As an atheist father of five I have some perspective on raising secular kids. In my small circle of secular friends, I’m an oddity with my oversized family. I’m often confused for a Mormon in my mountain west community, overrun as it is with members of the LDS religion. The idea that atheists or secular Americans should—or even can—raise children religiously “neutral” ignores the raging tempest of religious compulsion that is everyday America.
Contrary to what critics might think, I avoid talking about religion as much as possible with my young children. I would rather they were not confronted with such complex and emotional topics until they are a little older, but I’m completely unable to shield them.
As only one of many examples, very recently a well meaning lady and family friend babysat our two youngest children, aged four and six. At some point, she told our children that “Jesus died for your sins and now he lives in Heaven.” It had no impact on my four-year-old, but my son, Ray, who is six, hasn’t stopped talking about it since.
“Daddy, I believe in Jesus, don’t you?” He asked me right after we picked him up.

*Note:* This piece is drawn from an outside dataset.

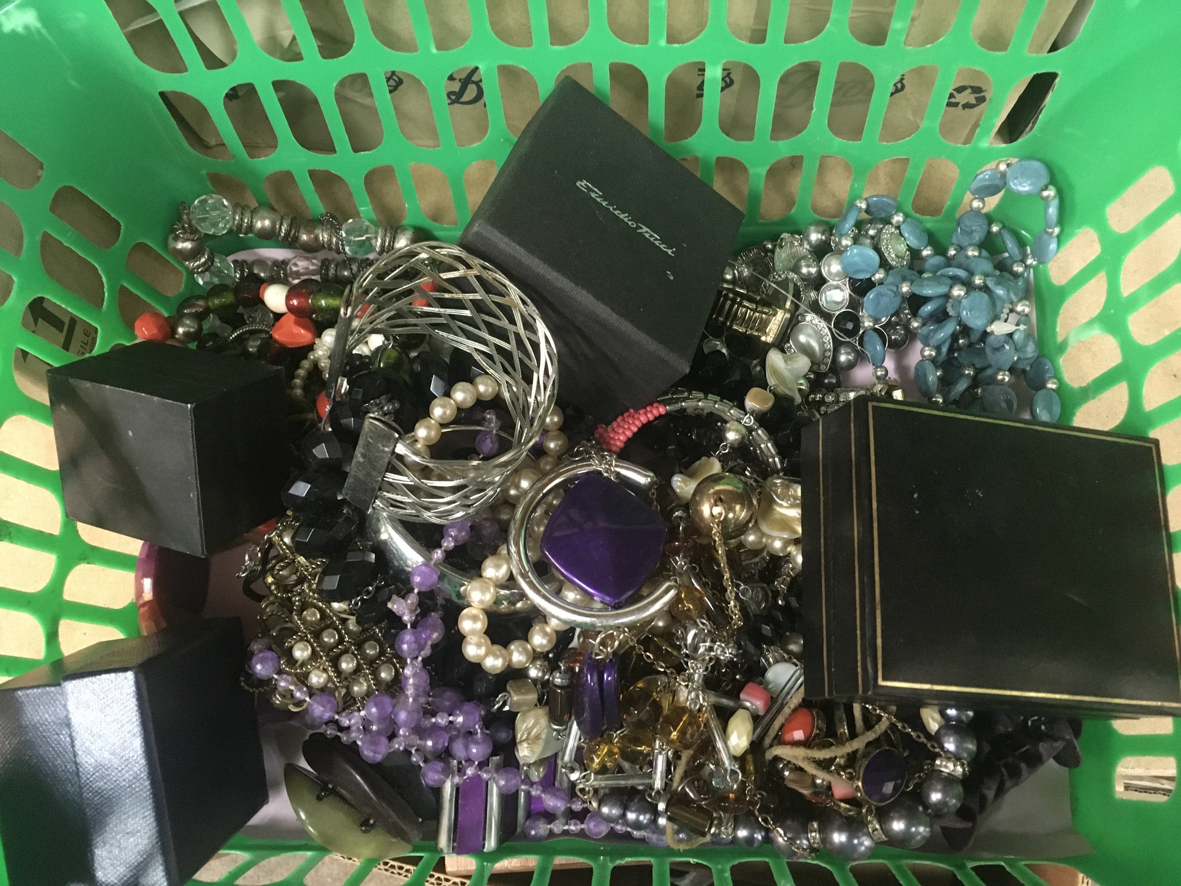 A box of costume jewellery including bangles, necklaces , bracelets etc . Postage cat B. NO RESERVE

“I don’t believe in Jesus, son,” I said. “But a lot of people do. Someday when you get older, you can decide for yourself what to believe.”

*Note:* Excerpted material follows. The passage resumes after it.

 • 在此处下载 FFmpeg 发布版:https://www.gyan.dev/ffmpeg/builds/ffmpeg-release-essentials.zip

I tried to leave it, but Ray won’t let it slide. The other day he asked me more questions about Heaven and then, more alarming, about Hell. I answered him the same way, telling him that I don’t believe in Heaven or Hell, but it’s okay for him to believe what he likes. Ray eventually got mad at me.
“Why don’t you believe in Heaven, Dad? I believe in Heaven. Jesus lives in heaven.” Ray is sometimes manic, so he went on and on until I could change the subject. He has a vivid imagination, and he’s superstitious, emotional and trusting. He’s a great mark for anyone in need of converts or souls. I wish he had a chance to grow up a little before having to tackle the afterlife.

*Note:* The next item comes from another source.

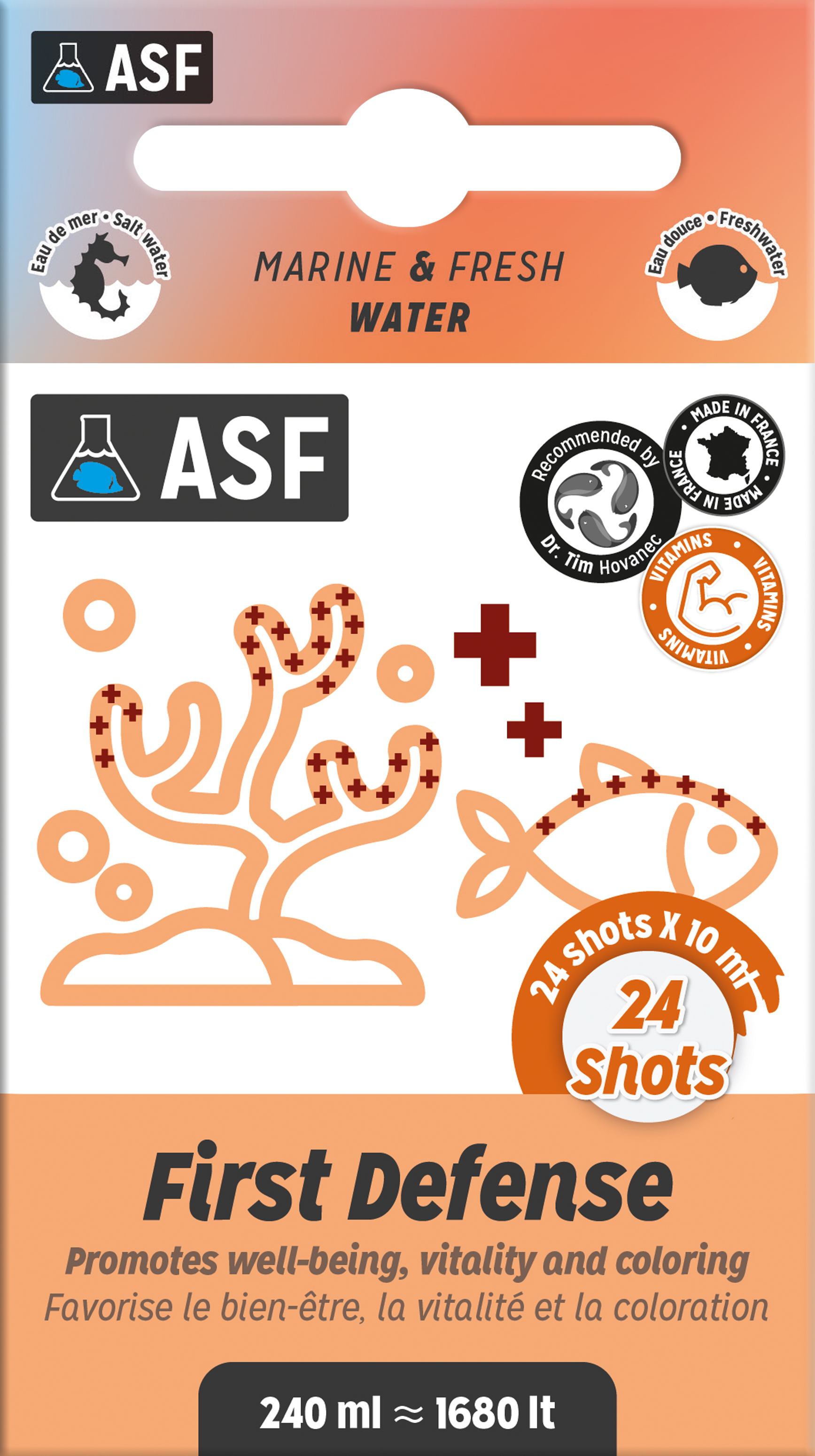 First Defense ist ein Stressreduzierer für Fische, der entwickelt wurde, um die Tiere in sensiblen Situationen im Meerwasseraquarium zu schützen. Es neutralisiert schnell das schädliche Chlor sowie die Schwermetalle, die bei Wasserwechseln vorhanden sind. First Defense trägt auch dazu bei, den Stress der Fische erheblich zu reduzieren, wenn neue Bewohner eingeführt oder Änderungen an der Dekoration vorgenommen werden. Seine Formulierung enthält Vitamine und Immunstimulanzien, die den Appetit, die Heilung und die Regeneration von Wunden fördern.

What is an atheist dad to do? I don’t want to tell Ray what to believe, and I refuse to force him into a box of believer, atheist or agnostic. Unlike fundamentalist parents, I believe my son has the ultimate say in the choice of his religion. At the same time, it would be silly to suggest that I let my six-year-old navigate the crowded marketplace of religion alone.
All I can do is answer Ray’s questions the best I can. He might end up as a Christian, even a preacher, which would be fine with me. As a parent, all I can do is share what I believe, and it’s up to my kids to decide where to go from there. I’m luckier than most secular parents, because I’ve been through it before with my older kids. They have always made good decisions with the inadequate information I could give them. I’m not on earth to tell any adult how to live, so I often wonder why religious people feel justified when ramming their personal “convictions” down my children’s throats. I also wonder how many strong Christian parents would be okay with an atheist son or a Wiccan daughter.
I agonize over what to say to my kids on this topic, always conscious of their religious autonomy, and it drives me crazy when people make cheap, easy jokes about atheist parents being just like religious parents, pushing their dogmas on their kids. Thoughtful secular parents are not trying to raise children to follow in our atheist footsteps. It’s all so infuriating as I struggle to give my children the time to decide for themselves what to become, without interference from the religious peanut gallery.